#### Input records:
Segment Open

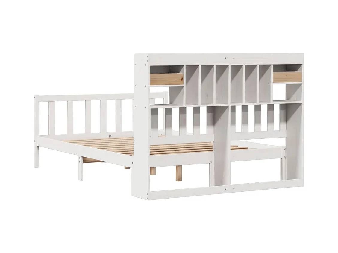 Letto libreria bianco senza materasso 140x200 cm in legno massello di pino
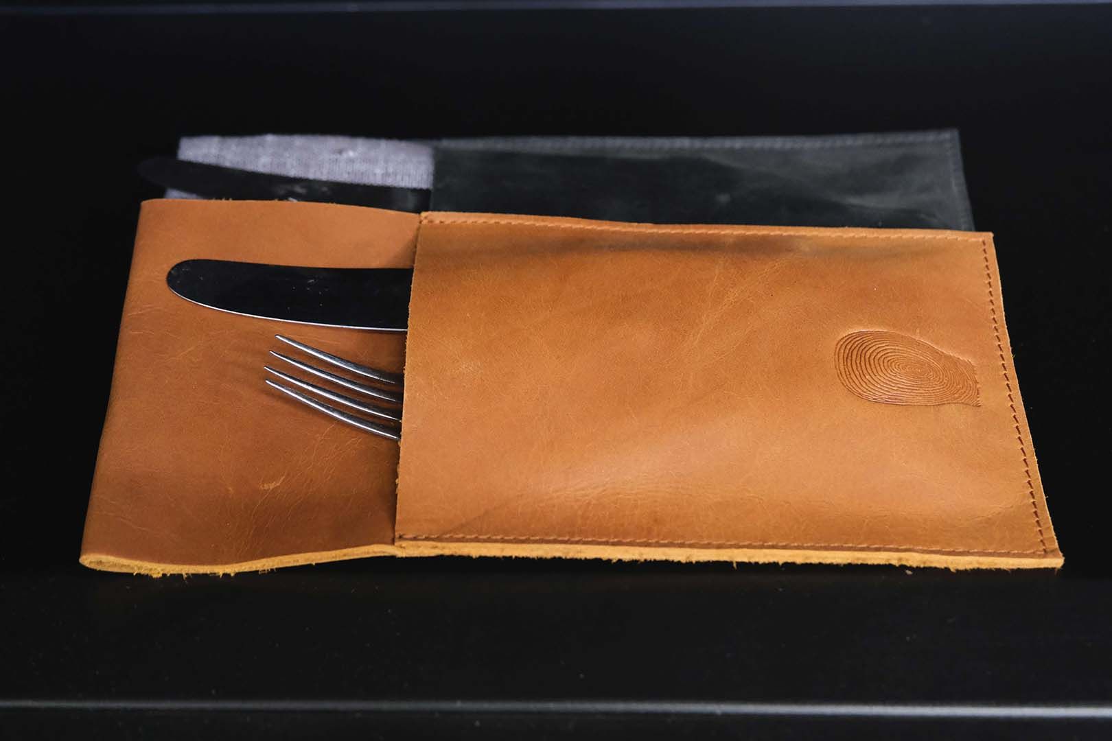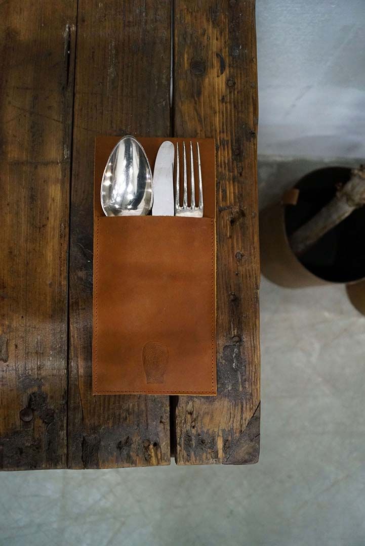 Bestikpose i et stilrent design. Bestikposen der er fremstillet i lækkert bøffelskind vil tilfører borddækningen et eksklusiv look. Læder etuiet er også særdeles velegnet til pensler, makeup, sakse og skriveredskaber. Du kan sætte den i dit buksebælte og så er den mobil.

Segment Closed
Segment Open

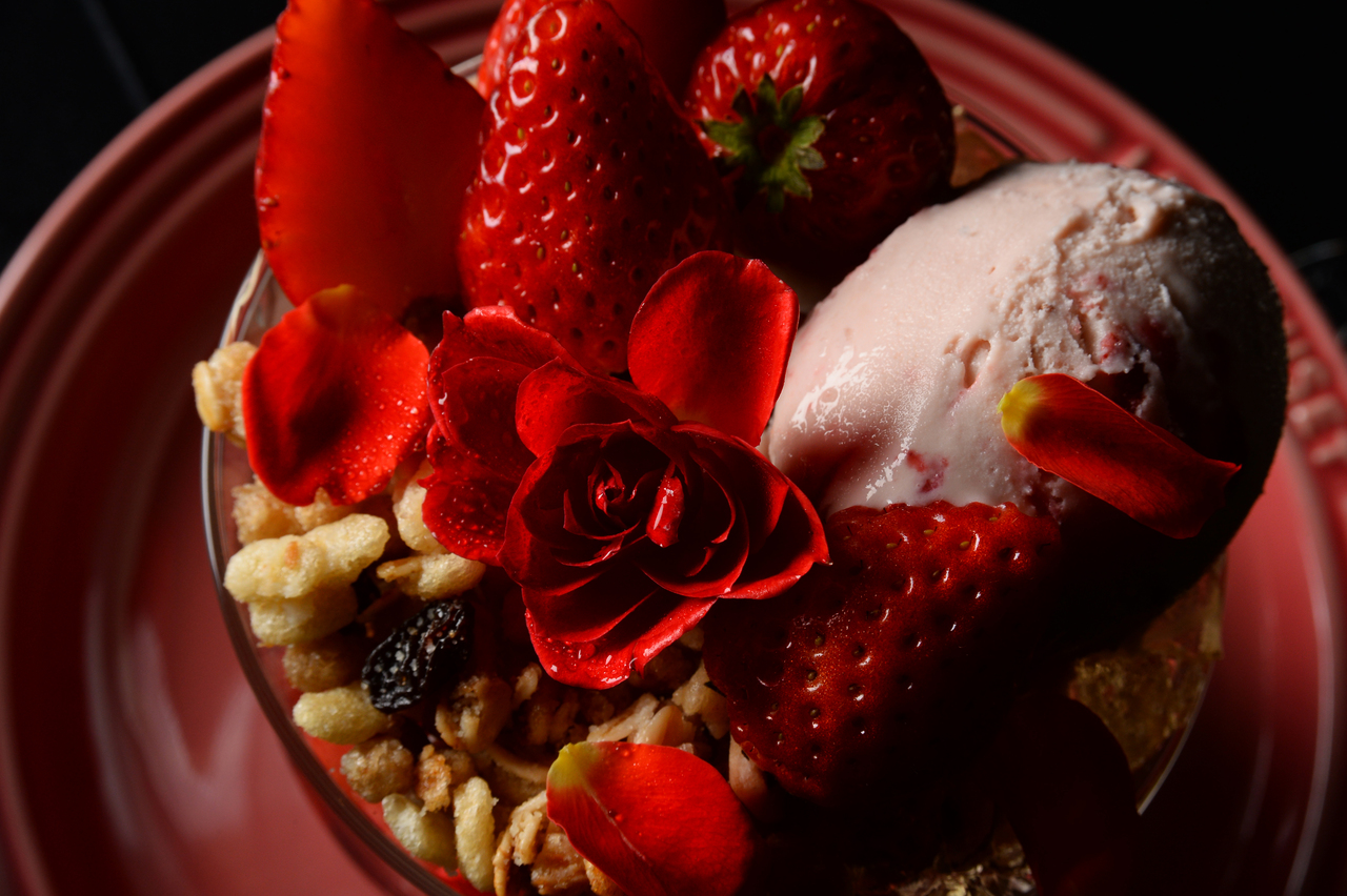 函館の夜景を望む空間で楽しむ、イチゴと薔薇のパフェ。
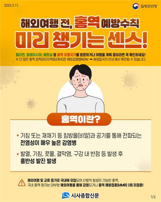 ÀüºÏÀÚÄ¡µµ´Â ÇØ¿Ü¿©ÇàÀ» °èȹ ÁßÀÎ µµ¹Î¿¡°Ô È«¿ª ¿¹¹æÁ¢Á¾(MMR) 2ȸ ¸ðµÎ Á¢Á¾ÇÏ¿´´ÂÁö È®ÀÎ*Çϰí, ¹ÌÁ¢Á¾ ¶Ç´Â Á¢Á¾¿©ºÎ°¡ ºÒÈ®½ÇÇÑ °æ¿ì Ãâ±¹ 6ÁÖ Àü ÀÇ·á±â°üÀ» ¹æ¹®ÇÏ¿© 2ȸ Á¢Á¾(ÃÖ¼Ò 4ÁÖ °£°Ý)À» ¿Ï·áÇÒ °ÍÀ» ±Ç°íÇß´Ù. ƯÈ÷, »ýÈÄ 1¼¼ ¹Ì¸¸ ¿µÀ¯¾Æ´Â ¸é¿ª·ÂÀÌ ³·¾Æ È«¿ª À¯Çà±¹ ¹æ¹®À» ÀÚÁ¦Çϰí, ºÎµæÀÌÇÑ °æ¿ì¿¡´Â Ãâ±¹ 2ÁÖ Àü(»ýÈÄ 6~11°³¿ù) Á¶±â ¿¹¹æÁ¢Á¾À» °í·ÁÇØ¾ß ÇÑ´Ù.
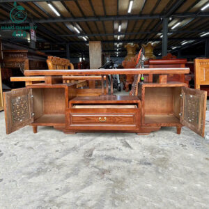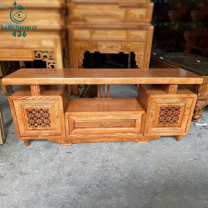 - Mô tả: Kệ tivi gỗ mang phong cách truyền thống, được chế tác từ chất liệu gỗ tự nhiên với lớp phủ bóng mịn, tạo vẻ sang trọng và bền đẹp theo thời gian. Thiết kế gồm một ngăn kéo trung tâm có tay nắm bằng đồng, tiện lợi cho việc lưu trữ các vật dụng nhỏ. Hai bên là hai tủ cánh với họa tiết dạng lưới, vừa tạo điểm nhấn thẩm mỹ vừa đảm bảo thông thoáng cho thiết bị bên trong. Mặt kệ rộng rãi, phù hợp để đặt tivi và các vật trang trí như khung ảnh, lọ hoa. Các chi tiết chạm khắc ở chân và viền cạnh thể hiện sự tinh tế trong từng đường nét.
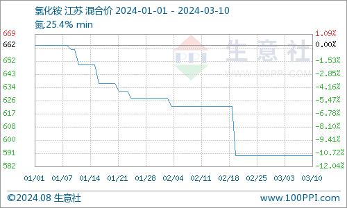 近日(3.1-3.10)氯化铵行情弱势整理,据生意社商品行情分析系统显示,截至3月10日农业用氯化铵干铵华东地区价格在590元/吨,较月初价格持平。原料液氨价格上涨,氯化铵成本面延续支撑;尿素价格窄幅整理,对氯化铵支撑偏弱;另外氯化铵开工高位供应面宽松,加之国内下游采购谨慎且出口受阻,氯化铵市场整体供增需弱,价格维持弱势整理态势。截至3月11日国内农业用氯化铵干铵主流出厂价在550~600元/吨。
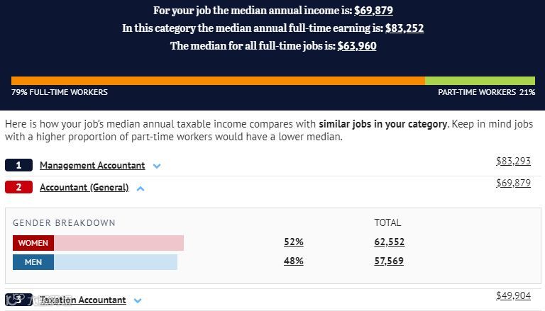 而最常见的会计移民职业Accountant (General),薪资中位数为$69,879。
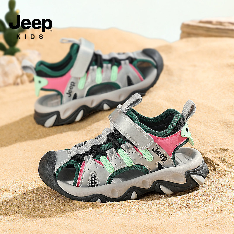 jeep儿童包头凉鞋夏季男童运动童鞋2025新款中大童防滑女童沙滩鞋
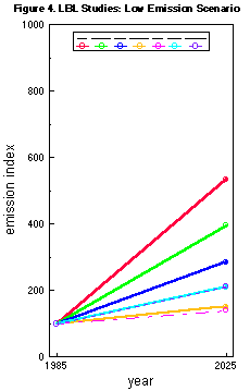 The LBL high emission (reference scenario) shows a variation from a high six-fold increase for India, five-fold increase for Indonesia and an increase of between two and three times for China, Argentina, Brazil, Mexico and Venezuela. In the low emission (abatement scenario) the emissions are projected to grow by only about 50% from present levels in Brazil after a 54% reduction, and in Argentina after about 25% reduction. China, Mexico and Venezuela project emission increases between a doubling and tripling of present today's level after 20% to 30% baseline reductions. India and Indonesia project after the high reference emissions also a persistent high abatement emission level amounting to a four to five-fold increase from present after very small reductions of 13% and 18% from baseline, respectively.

Segment Closed

#### Problem to solve:
Every line above in the stretch from the one with "函館の夜景を望む空間で楽しむ、イチゴと薔薇のパフェ。" through the one with "2ȸ ¸ðµÎ Á¢Á¾ÇÏ¿´´ÂÁö" is to be transcribed exactly, ends included. No picture is copied.

#### Answer for this exercise:
 函館の夜景を望む空間で楽しむ、イチゴと薔薇のパフェ。
 ÀüºÏÀÚÄ¡µµ´Â ÇØ¿Ü¿©ÇàÀ» °èȹ ÁßÀÎ µµ¹Î¿¡°Ô È«¿ª ¿¹¹æÁ¢Á¾(MMR) 2ȸ ¸ðµÎ Á¢Á¾ÇÏ¿´´ÂÁö È®ÀÎ*Çϰí, ¹ÌÁ¢Á¾ ¶Ç´Â Á¢Á¾¿©ºÎ°¡ ºÒÈ®½ÇÇÑ °æ¿ì Ãâ±¹ 6ÁÖ Àü ÀÇ·á±â°üÀ» ¹æ¹®ÇÏ¿© 2ȸ Á¢Á¾(ÃÖ¼Ò 4ÁÖ °£°Ý)À» ¿Ï·áÇÒ °ÍÀ» ±Ç°íÇß´Ù. ƯÈ÷, »ýÈÄ 1¼¼ ¹Ì¸¸ ¿µÀ¯¾Æ´Â ¸é¿ª·ÂÀÌ ³·¾Æ È«¿ª À¯Çà±¹ ¹æ¹®À» ÀÚÁ¦Çϰí, ºÎµæÀÌÇÑ °æ¿ì¿¡´Â Ãâ±¹ 2ÁÖ Àü(»ýÈÄ 6~11°³¿ù) Á¶±â ¿¹¹æÁ¢Á¾À» °í·ÁÇØ¾ß ÇÑ´Ù.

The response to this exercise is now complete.